The Allies have promised ambulances, but for now we have only old city busses, outfitted to carry wounded. For warmth, they have little metal stoves stoked with scraps of wood, and they all smoke terribly. The wounded men not only suffer from the lurching of the busses over the horrendous roads, they choke on the air inside. Better than freezing, but only a little.
April 5, 1943
The spring thaw has started and everything’s turned to mud. Less fighting now since nobody can move artillery on either side. Russian troops are slogging toward Kursk and our medical team is packing up to follow them.
Still don’t sleep well, no matter how tired I am. Nightmares, again and again. Of birds, of children, of beautiful things that I’ve let die.
May 22, 1943
The Stalin propaganda is in full force. Everyone has forgotten the purges of the ’30s and the millions who died. Now everyone parrots “the Stalinist strategy” and “the military genius of Stalin” as the cause of every victory. The younger men seem proud to be one of “Stalin’s soldiers” and hungry for the new medals and distinctions. It’s the older ones who sense that their entire generation has been sacrificed. But all of them are brave, almost suicidal in their courage. The men are talking about a battle where sixty tanks puttied up all their openings and forded a river underwater.
June 14, 1943
Red Army medicine is not as good as in the German field hospitals. Only the lightly wounded are saved. The Russians cry for their mothers just like the Germans did. The ones who can still fight are bitter, hungry for vengeance, and there is an almost universal hatred of the German invaders. Fortunately, my Russian conceals the fact that I was one of them. But the hour of vengeance is beginning and the Allies are already wreaking havoc on Germany’s industrial areas. The radio reports heavy bombing raids on the Ruhr, on Cologne, Mainz, Frankfurt. Germany is lost. How many will die before Hitler’s government understands this?
Fewer nightmares now. It must be the warm weather, the disappearance of snow.
July 28, 1943
Hamburg has been heavily bombed and there are reports that the Allies have begun raids on Berlin. My home, my family. All that I thought would stay safe while I was at the front. Has our house been hit? No way to know. And if it hasn’t been hit yet, they’ll be back again. The Allied bombers control the skies.
August 20, 1943
In Kursk now, treating the wounded from the great tank battle.
I thought Stalingrad had hardened me, but this was a different sort of horror. A soldier doesn’t shrink from the thought of death from gun or explosion. But no one imagines being crushed under a churning tank tread. The battlefield is a butcher’s block, with scraps of meat that a day ago were men. It was no better to die by fire inside the tanks either, the still-living ones pulled out without faces or hands. Fortunately we still have morphine for them.

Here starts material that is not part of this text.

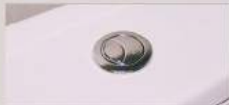
Sistema dual flush nas bacias sanitárias

The commissars have called the battle a great victory for Russia.
September 17, 1943
Most of the field medics are women, and they are unbelievably tough. In Stalingrad I saw them carry wounded men on their backs. Not much like the German Mädels, who are supposed to stay home and bear children for the Führer.
There is a shortage of cotton for bandages. We manage at the field hospital by tearing up bed linen and boiling it, but the medics at the front can’t do that. They’re re-using bandages and sometimes even moss or linden tree shavings as absorbent. Infection is rampant.
Italy has capitulated. Italian faschisti in the German-held territories will be put to work for the Germans. Doctors like me, working for new masters, treating soldiers of a different nationality.
What was the reason for this war? I can’t remember.
Katherina set the journal aside and rubbed her face. She wanted to read on but her eyes burned, and though she read and reread the last page, her sleep-starved mind wandered off each time in the same place. Revelations overwhelmed her, and every new entry brought as many questions as answers. What was Zharptitsa? A bird, obviously, but why did losing it cause a soldier to break down and cry?
Why the large gaps between the entries? Presumably he was simply too busy at the surgeon’s table to have the leisure to write. She knew that 1943 was a decisive year in which the German army was slowly pushed back toward the homeland. Embedded with the Russians as he was, did he think of that as defeat or victory? Did he care who would win the war?
Katherina was nodding off, but she did not want to go upstairs. Her childhood room, across from her father’s empty bedroom, seemed even more desolate than the living room. She also could not bear to lie in the darkness and so she tilted the shade on the lamp away from her and left it burning, a sphere of comfort in the night.
Her sleep was troubled. The light shining on her face and the narrow sofa cushions kept her in shallow sleep, and she dreamed fitfully. Scenes came to her in patches, fraught with anxiety. Her father, in Russian uniform, seen in the distance through wind-blown snow. She struggled toward him with weighted feet, as he disappeared into a long black line of men winding toward the horizon. Then something fluttered in the snow just ahead of her and she clambered toward it. A bird, she thought with horror, with broken wings. But no, it was a glove, a black gauntlet, lifted slightly by the wind. She woke, shivering, in the unheated living room, her blanket on the floor.
V
Carmina Burana—Vivace
Joachim von Hausen was rehearsing the chorus and the pas de deux of the dancers when Katherina arrived at the stage entrance. He was slight of build, but the energy of his person and his stature in the music world lent him height. She had taken to him immediately at the first rehearsal.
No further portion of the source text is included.